DIRECTSPARE was geared at finding a solution using additive manufacturing (AM) technology, enabling economically viable, on demand manufacturing of spare parts. The objective of the DIRECTSPARE business model was for manufacturers to rapidly produce only those spare parts that are required, at a location close to the equipment that needs to be repaired. And also to improve the quality of the spare parts along the way.
Additional benefits foreseen were:
1. for small and medium enterprises (SMEs) to keep or increase their competitive position, by allowing local service providers to ensure local European Union (EU) employment
2. cost reduction on stocks and warehousing
3. waste reduction as a smaller amount of parts will have to be destroyed at the end of lifetime
4. environmental benefits due to reduced use of material and less transportation
5. individualised spare parts for the specific users that can lead to higher margins.

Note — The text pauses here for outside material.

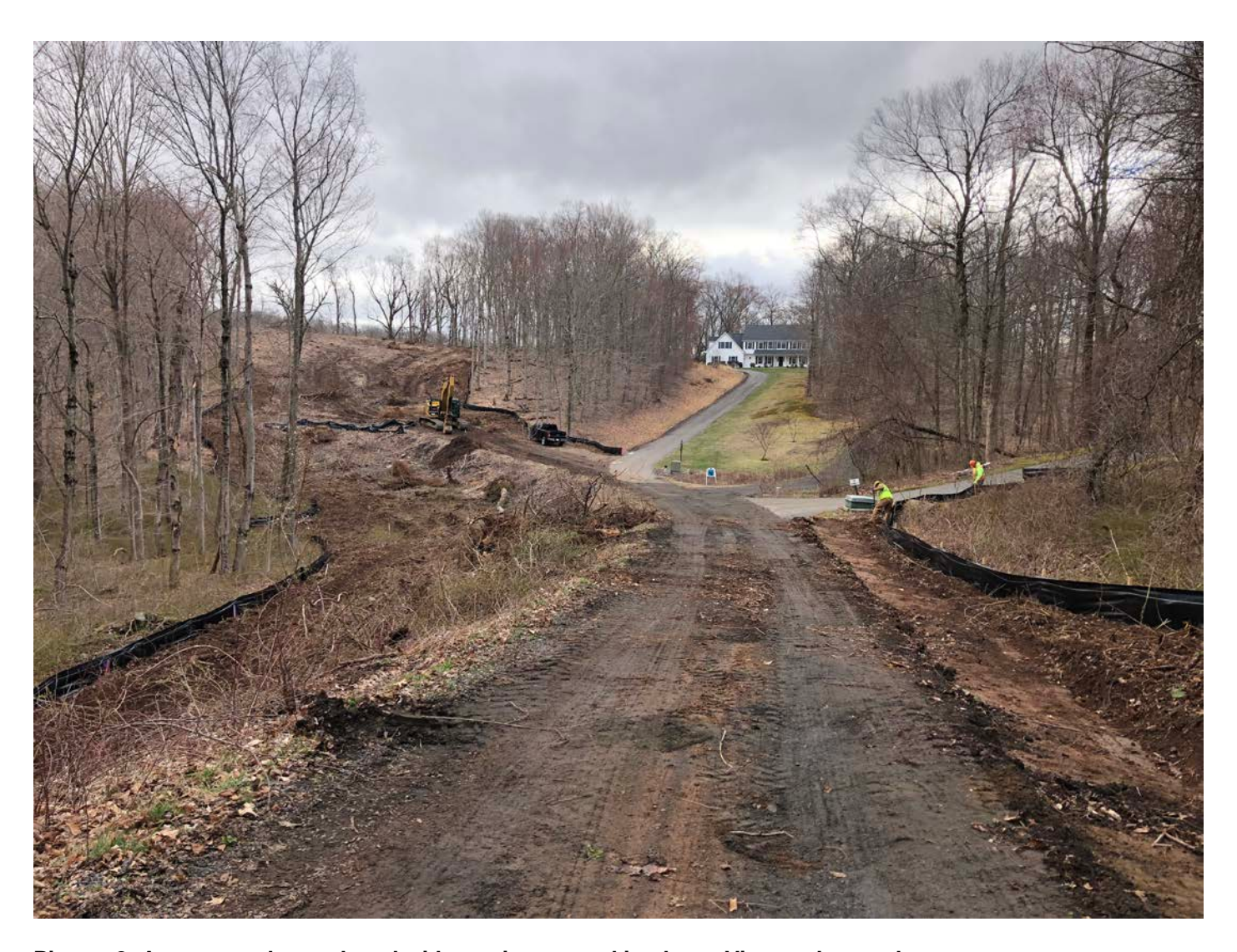
Picture 8: Access road to tank pad with erosion control in place. View to the southeast.

To this end the project analysed seven demonstrator parts. The functional and material requirements and the cost model of the original part were taken as the point of departure. The project team analysed the possibilities to manufacture similar parts using AM. Design, engineering aspects, material selection, production methods, quality issues and business economics of all of these parts were taken into consideration.

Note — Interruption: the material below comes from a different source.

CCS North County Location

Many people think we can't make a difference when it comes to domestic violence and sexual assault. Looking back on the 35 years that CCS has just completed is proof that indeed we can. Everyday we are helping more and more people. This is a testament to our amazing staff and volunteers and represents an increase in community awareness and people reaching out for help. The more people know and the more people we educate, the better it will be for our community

In the end the project delivered a number of breakthrough innovations on materials, engineering, process management and quality management. Three viable business models were developed, including requirements and constraints, that can be used as blue prints for setting up an AM driven spare part production process. To show the results of the project and indicate the benefits a real life simulation of the production of on demand, on location spare parts was taped on film.
The DIRECTSPARE project has delivered a number of business models that allow especially SMEs to provide local service. Possibilities and challenges for obtaining cost reduction on stocks and warehousing have been identified. The project also learned that to obtain waste reduction and environmental benefits, a life cycle analysis approach needs to be used. One demonstrator part indeed proved that quality improvement, based on use information, can be achieved resulting in lower costs and better margins.
Based on all findings a road map for AM has been drafted. DIRECTSPARE underlines the possibilities and the impact of AM on the future manufacturing landscape in Europe and the rest of the world.
Summary description of project context and objectives
The overall objective of the project was to develop a technological and logistical system that is a fundamental and economically sustainable solution for spare parts by using on-demand production.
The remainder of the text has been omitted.